CLEVELAND, March 31, 2011 /PRNewswire/ -- Forest City Enterprises, Inc., (NYSE: FCEA and FCEB) today announced that it has closed a new, $425 million revolving credit facility with a 13-member bank group. The new, three-year facility with an additional one-year extension option, also allows for additional banks to join the group, up to a maximum line of $450 million.
"This closing is an important step in preparing Forest City to take advantage of improving conditions in real estate and in the markets we serve," said Charles A. Ratner, Forest City president and chief executive officer. "The new line has more favorable pricing and covenants, as well as a longer term with an extension option, all of which will be beneficial in managing our business going forward and taking advantage of future growth opportunities. We're gratified by the support and confidence shown by the members of our bank group in bringing this new credit facility to closing. I also want to congratulate our internal finance team, led by Bob O'Brien and Judith Wolfe, for all of their efforts."
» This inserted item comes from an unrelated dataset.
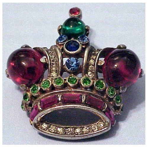 </font></strong>This Trifari crown is sterling with rhinestones and cabochons. It is marked Trifari, sterling, patent 137542. This crown was designed by Alfred Philippe in 1944 and advertised in Vogue on December 15th of 1945. It is in excellent condition except that it needs a good cleaning. It is 1.25" x 1.25"</font>

Key Bank National Association will serve as Administrative Agent, PNC Bank National Association will serve as Syndication Agent, and Bank of America, N.A. will serve as Documentation Agent for the group. Eleven banks that were members of the Company's prior bank group, along with two new banks, are part of the new facility. The new facility replaces Forest City's prior revolving credit facility, which was scheduled to mature in February, 2012.
About Forest City
Forest City Enterprises, Inc. is a NYSE-listed national real estate company with $11.8 billion in total assets. The Company is principally engaged in the ownership, development, management and acquisition of commercial and residential real estate and land throughout the United States. For more information, visit www.forestcity.net.
Safe Harbor Language
Statements made in this news release that state the Company's or management's intentions, hopes, beliefs, expectations or predictions of the future are forward-looking statements. The Company's actual results could differ materially from those expressed or implied in such forward-looking statements due to various risks, uncertainties and other factors. Risks and factors that could cause actual results to differ materially from those in the forward-looking statements include, but are not limited to, the impact of current lending and capital market conditions on our liquidity, ability to finance or refinance projects and repay our debt, the impact of the current economic environment on our ownership, development and management of our real estate portfolio, general real estate investment and development risks, vacancies in our properties, further downturns in the housing market, competition, illiquidity of real estate investments, bankruptcy or defaults of tenants, anchor store consolidations or closings, international activities, the impact of terrorist acts, risks associated with an investment in a professional sports team, our substantial debt leverage and the ability to obtain and service debt, the impact of restrictions imposed by our credit facility and senior debt, exposure to hedging agreements, the level and volatility of interest rates, the continued availability of tax-exempt government financing, the impact of credit rating downgrades, effects of uninsured or underinsured losses, effects of a downgrade or failure of our insurance carriers, environmental liabilities, conflicts of interest, risks associated with the sale of tax credits, risks associated with developing and managing properties in partnership with others, the ability to maintain effective internal controls, compliance with governmental regulations, increased legislative and regulatory scrutiny of the financial services industry, volatility in the market price of our publicly traded securities, inflation risks, litigation risks, as well as other risks listed from time to time in the Company's SEC filings, including but not limited to, the Company's annual and quarterly reports.